Jefferson vs. Muslim Pirates

Thomas Jefferson vs. Muslim Pirates-Truth!

Summary of eRumor:

A viral email alleges that Thomas Jefferson led America to war against state-sponsored Muslim pirates from North Africa’s Barbary Coast in the early 1800s.
 

The Truth:

The U.S. fought in two separate wars over state-sponsored Muslim pirates along Africa’s Barbary Coast in the early 1800s.

The eRumor’s claims about the lead up to the Barbary Wars are also accurate. After the U.S won its independence, France stopped protecting U.S. ships in the Mediterranean, according to papers collected by the Library of Congress. Thomas Jefferson, then United States Minister to France, grew increasingly frustrated with paying ransom to the Barbary pirates after French protection ended. Jefferson tried to negotiate an accord with France and Great Britain, but that fell through.Jefferson later wrote in a letter, “From what I learn from the temper of my countrymen and their tenaciousness of their money, it will be more easy to raise ships and men to fight these pirates into reason, than money to bribe them.”
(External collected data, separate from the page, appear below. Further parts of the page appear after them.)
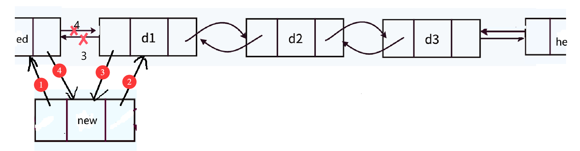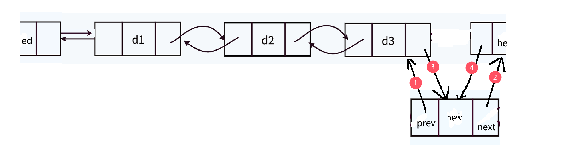 在进行尾插时,最好控制的就是新节点的指向,所以放在第一步进行。之后就是改变尾节点d3的下一项和头结点的上一项,这里需要讲究顺序,需要先改变d3指向new(因为可以通过head找到尾节点),然后再让head的前一项指向new
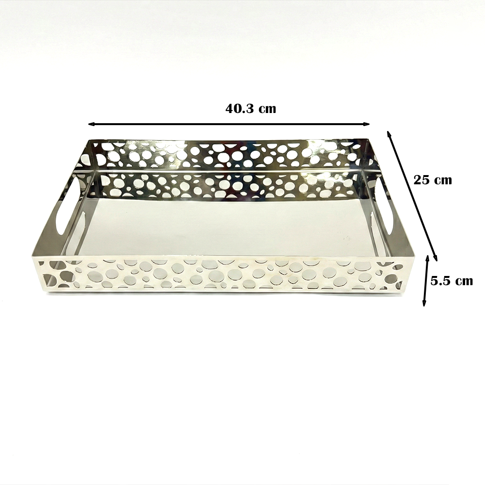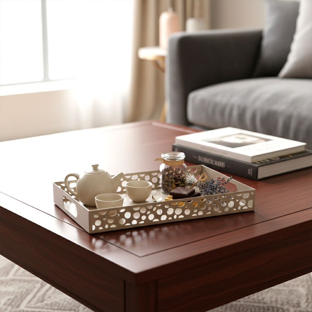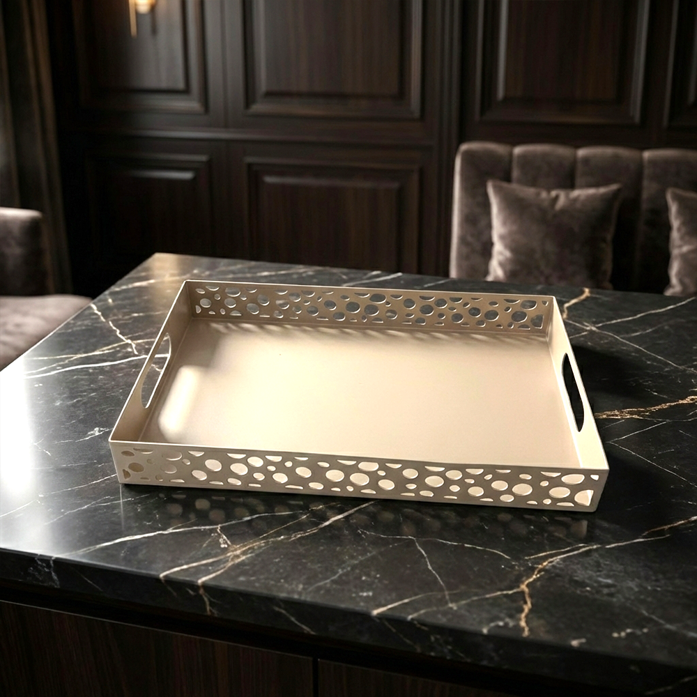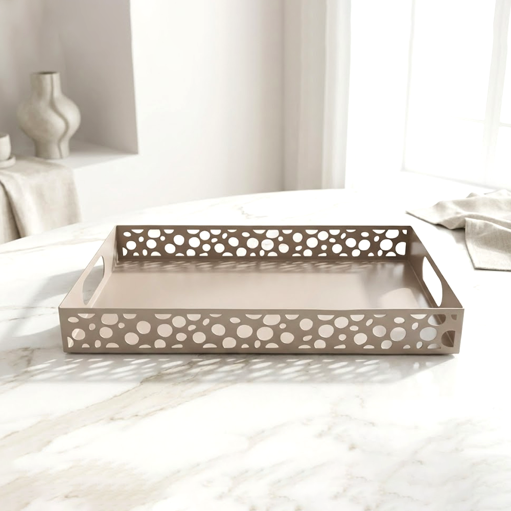 أضِف لمسة فخامة لترتيب ضيافتك مع صينية تقديم معدنية بتصميم عصري بنقشة الدوائر وحواف مرتفعة تمنح ثباتًا وأناقة على الطاولة. تأتي باللونين الفضي اللامع والبيج الراقي لتناسب ديكورات المجالس والصالونات، مثالية لتقديم الشاي والقهوة والتمر والحلويات أو لتنظيم العطور والإكسسوارات على طاولة القهوة.
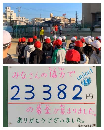 12月16日(月)の全校朝会で、児童会の代表委員が先週行ったユニセフ募金の結果の報告とお礼を言いました。
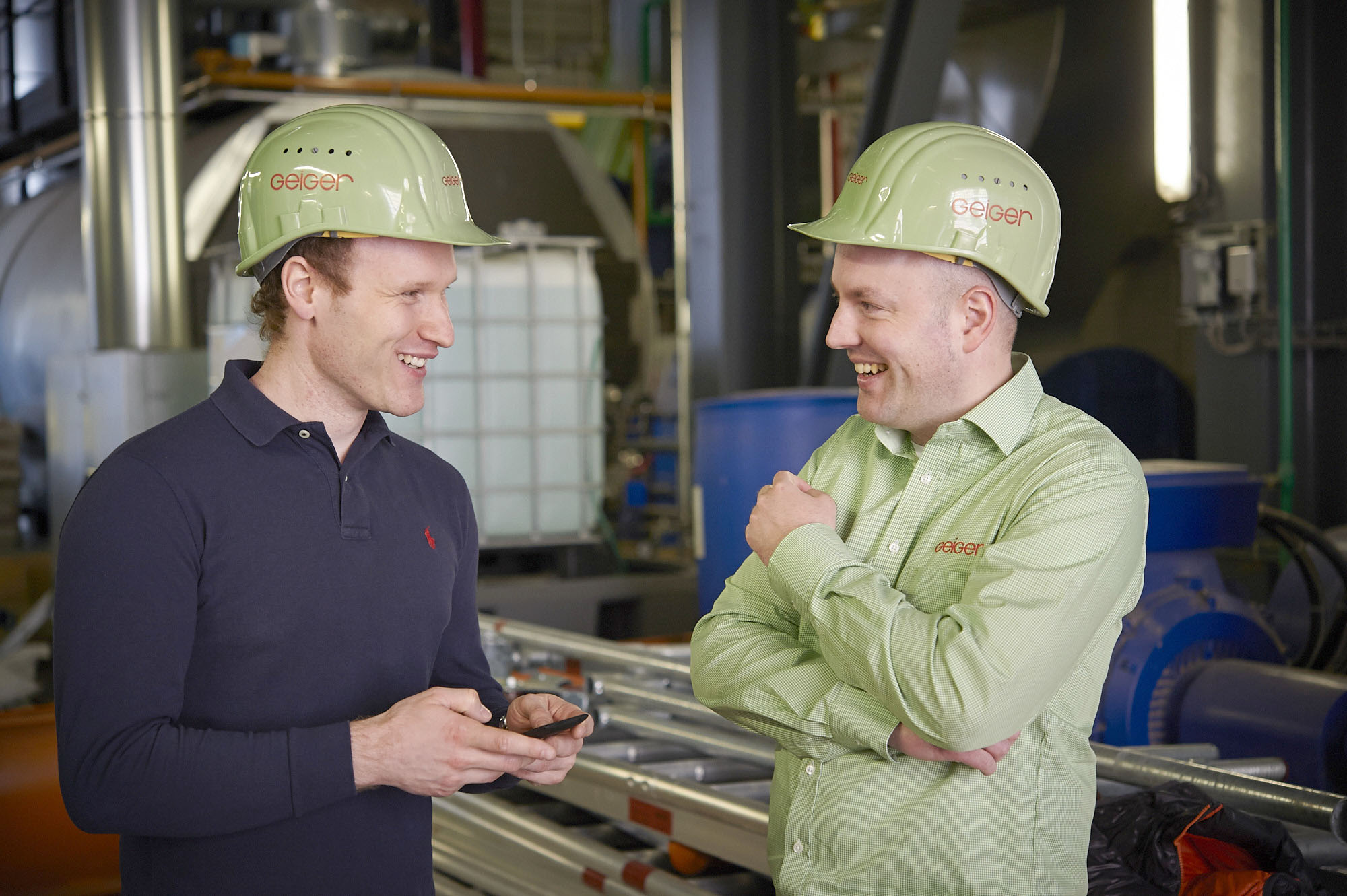 | Bildbeschreibung: Viel Freude an der Energiewende: Alexander Paul, Leiter des operativen Geschäfts der Geiger Energietechnik (rechts) und Projektingenieur Jan Seibert. Foto: Geiger Energietechnik Redaktionelle Verwendung erlaubt, Abdruck honorarfrei, Beleg an: Jensen media, Hemmerlestraße 4, 87700 Memmingen, Telefon 08331/991880, info@jensen-media.de |
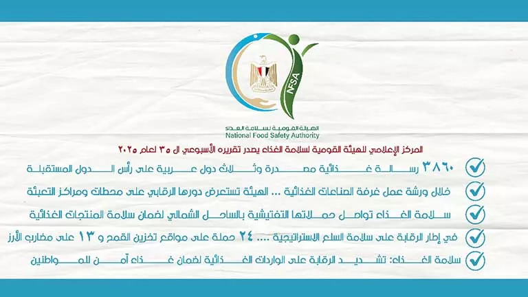 أصدر المركز الإعلامي للهيئة القومية لسلامة الغذاء تقريره الأسبوعي الـ 35 لعام 2025، عن الفترة من 20 - 26 سبتمبر، والذي تضمن العديد من الأنشطة المختلفة على رأسها تنفيذ الإدارة العامة للرقابة على المصانع 104 مأمورية تفتيشية بالتعاون مع مصلحة الرقابة الصناعية، استهدفت تقييم مدى التزام المنشآت الغذائية باشتراطات الجودة وسلامة الغذاء.
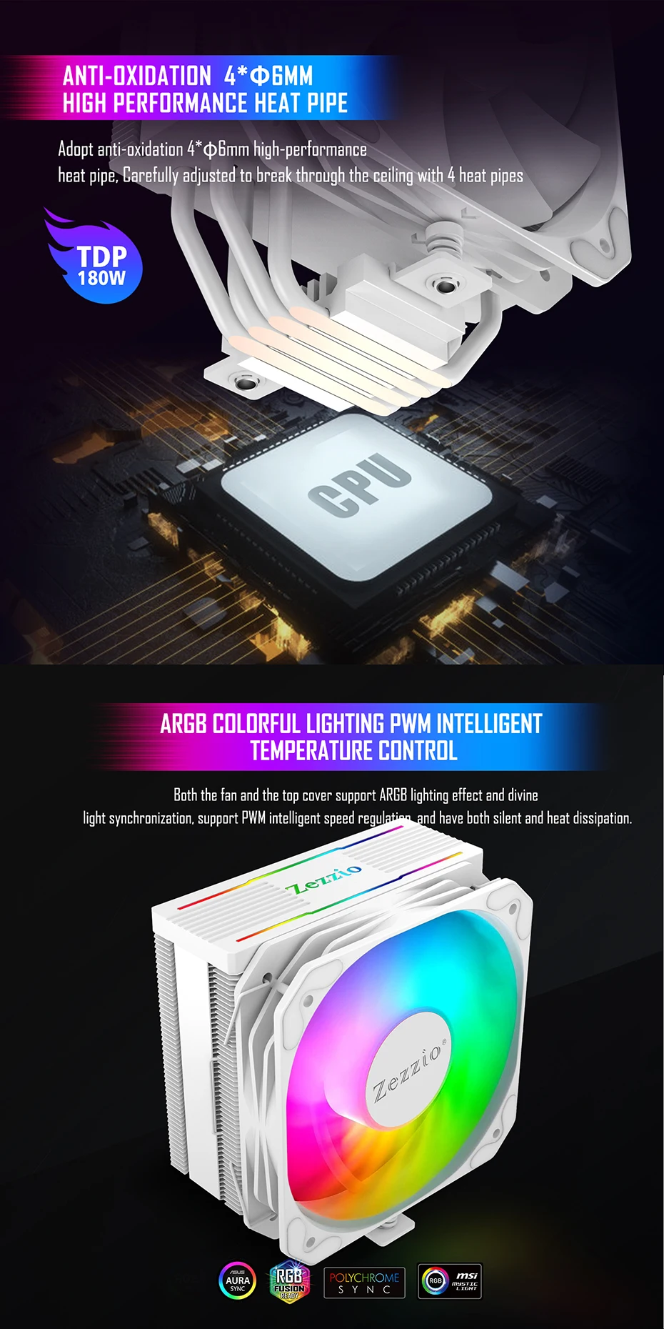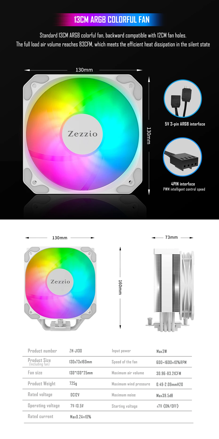 Comprar Zezzio-enfriador de CPU de 4 tubos de calor, 5V, 3 pines, ARGB, torre de ventilador de refrigeración, disipador de calor para Intel LGA1700 115X 1200 AMD AM4, Blanco/Negro, ZH-J130

The eRumor’s recounting of an interaction between Thomas Jefferson and John Adams and an ambassador to Tripoli about the motives for the pirate attacks is also accurate, according to a book of diplomatic correspondences

Jefferson and Adams wrote: “The Ambassador answered us, that (the aggression) was founded on the laws of their Prophet; that it was written in their Koran, that all nationals who should not have acknowledged their authority, were sinners; that it was their right and duty to make war upon them wherever they could be found, and to make slaves of all they could take as prisoners; and that every Mussulman who was slain in battle was sure to go to Paradise.”  

George Washington attempted to forge treaties with Barbary Coast states, as the eRumor claimed, and he expressed frustration about France’s role in a letter he penned in 1796. Just after Algiers pirates had released American hostages in accordance with a treaty, Washington received news that pirates from Tunis had taken more American hostages. “’Tis difficult to understand precisely what the French government design relative to this country,” Washington replied.

As it turned out, France and Great Britain benefited from the Barbary pirates, and they may have even supported them. The State Department’s Office of the Historian said, “The practice of state-sponsored piracy and ransoming of captives was not wholly unusual for its time. Many European states commissioned privateers to attack each others’ shipping and also participated in the transatlantic slave trade. The two major European powers, Great Britain and France, found it expedient to encourage the Barbary States’ policy and pay tribute to them, as it allowed their merchant shipping an increased share of the Mediterranean trade, and Barbary leaders chose not to challenge the superior British or French navies.”

After Jefferson was elected president, Tripoli declared war on America in 1801. 

War followed with Algiers in 1815, but the U.S. had bulked up its naval fleet for the War of 1812, and the war ended 

quickly, according to Library of Congress documents.